Chris Krüger, VfL-Fan und Filmemacher: "Das Spiel in Bochum war echt schwer anzuschauen. Es ist ein negativer Kreislauf, fast wie 2017, als es am Ende in die Relegation ging, allein die Körpersprache sieht oft so aus wie damals. Man merkt, dass da was im Mannschaftsgefüge nicht passt. Wobei die vielzitierte Grüppchenbildung gar kein Problem sein muss - ich glaube, die gab es in der Meistermannschaft 2009 oder im Vorjahr unter Oliver Glasner auch. Aber dann muss ein Trainer vielleicht auch ein bisschen autoritärer sein, um das Gebilde zusammenzuhalten. Aktuell hilft nur das Hoffen auf ein Erfolgserlebnis - und vielleicht die Erinnerung an das erfolgreiche Champions-League-Spiel gegen Salzburg, wo es die Mannschaft in einer schwierigen Partie gut gemacht hat. Was man aber nicht wegdiskutieren kann: Der Ausfall von Xaver Schlager schmerzt extrem, bei ihm konnte man immer sehen: Sobald er den Ball erobert hat, schaltet das ganze Team auf Offensive um. Das fehlt."

Peter Hyballa, Ex-VfL-Jugendcoach und DAZN-Experte: "Wichtig ist, dass du dich als Trainer auch in einer Niederlagen-Serie nicht von deinen Ideen abbringen lässt und das durchziehst, was du dir vorgenommen hast. Sonst bist du nicht mehr authentisch, und eine Mannschaft merkt das. Wenn du anfängst, hektisch Dinge zu ändern, glauben die Spieler irgendwann nicht mehr an dich. Manchmal kann es helfen, jemanden von außen dazuzuholen - das kann ein erfahrener Trainer sein, der sich einfach das Training mal anschaut, das kann auch ein neuer Co-Trainer sein oder von mir aus auch ein Mentalcoach - idealerweise jemand, der keinerlei Bezug zum VfL hat und komplett unvoreingenommen ist. So jemand erkennt vielleicht Probleme, die man intern gar nicht sieht."
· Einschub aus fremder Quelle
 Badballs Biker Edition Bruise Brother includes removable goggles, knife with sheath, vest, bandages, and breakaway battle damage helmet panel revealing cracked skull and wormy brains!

Detlev Dammeier, VfL-Aufstiegsheld: "Was ich im VfL-Spiel unter anderem vermisse, ist dieses sofortige Nachsetzen nach einem verlorenen Zweikampf. Im letzten Jahr wurde nach Ballverlust dem Gegner noch hinterhergesprintet. Für mich als Außenstehender hat sich der Kader im Sommer nicht verschlechtert. Der Trainerwechsel kann ein Grund für das Abschneiden sein, nichtsdestotrotz wird Mark van Bommel nicht alles von links nach rechts gedreht haben. Es muss tieferliegende Gründe geben, ich kenne sie aber nicht. Klar ist: Die Lage ist verdammt schwierig, nach den vielen Niederlagen ist wenig Selbstvertrauen da. Entscheidend wird jetzt sein, die Spieler zu finden, die bereit sind, voranzugehen, damit die Stabilität wieder zurückkehrt. Man darf nicht glauben, wir haben den besseren Kader als die Mannschaften, die mit da unten drin sind. So wird es nicht funktionieren."
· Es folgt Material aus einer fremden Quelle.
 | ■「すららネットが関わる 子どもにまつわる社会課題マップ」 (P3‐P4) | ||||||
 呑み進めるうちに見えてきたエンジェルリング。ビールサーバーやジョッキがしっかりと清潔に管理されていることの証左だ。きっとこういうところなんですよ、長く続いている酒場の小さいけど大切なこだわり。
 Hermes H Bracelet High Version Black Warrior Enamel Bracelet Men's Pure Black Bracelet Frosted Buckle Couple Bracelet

Pierre Littbarski, Weltmeister von 1990 und VfL-Repräsentant: "Du musst auf dem Trainingsplatz auch mal wieder lachen können, gute Stimmung haben - sonst wirst du im Kopf nicht frei. Ich glaube, der VfL hatte in den vergangenen Jahren immer dann gute Phasen, wenn er etwas 'hemmungsloser' nach vorn gespielt hat. Das fehlt mir im Moment, weil auch das Miteinander nicht richtig funktioniert - drei, vier erfolgreiche Pässe nacheinander waren zuletzt eher selten. Es kann ja nicht an der fußballerischen Qualität liegen, alle Spieler im Kader haben schon gezeigt, dass sie es deutlich besser können. Sie müssen sich nur ihrer Stärken wieder mehr besinnen. Und bei einigen Spielern, die vor der Saison neu dazukamen, setze ich noch darauf, dass sie sich steigern werden."

Jan Schildwächter, VfL-Fan und Wölferadio-Kommentator: "Ich hatte das Gefühl, dass in der Winterpause so eine Art Aufbruchsstimmung rund um den VfL wieder da war - von daher war das Bochum-Spiel schon ein richtig heftiger Tiefschlag. Jetzt wird klar, dass da eine Mannschaft im Abstiegskampf steckt, die dafür nicht zusammengestellt wurde, sondern ja eigentlich ein Champions-League-Team sein sollte. Das macht die Lage besonders gefährlich. Auf diesen Abstiegskampf müssen sich jetzt alle einstellen - die Spieler, die Verantwortlichen, die Fans, die Medien. Es ist wichtig, dass alle zusammenhalten. Wie viele andere auch, glaube ich, dass Florian Kohfeldt die Probleme sieht und erkennt - jetzt kommt es darauf, dass er sie lösen kann."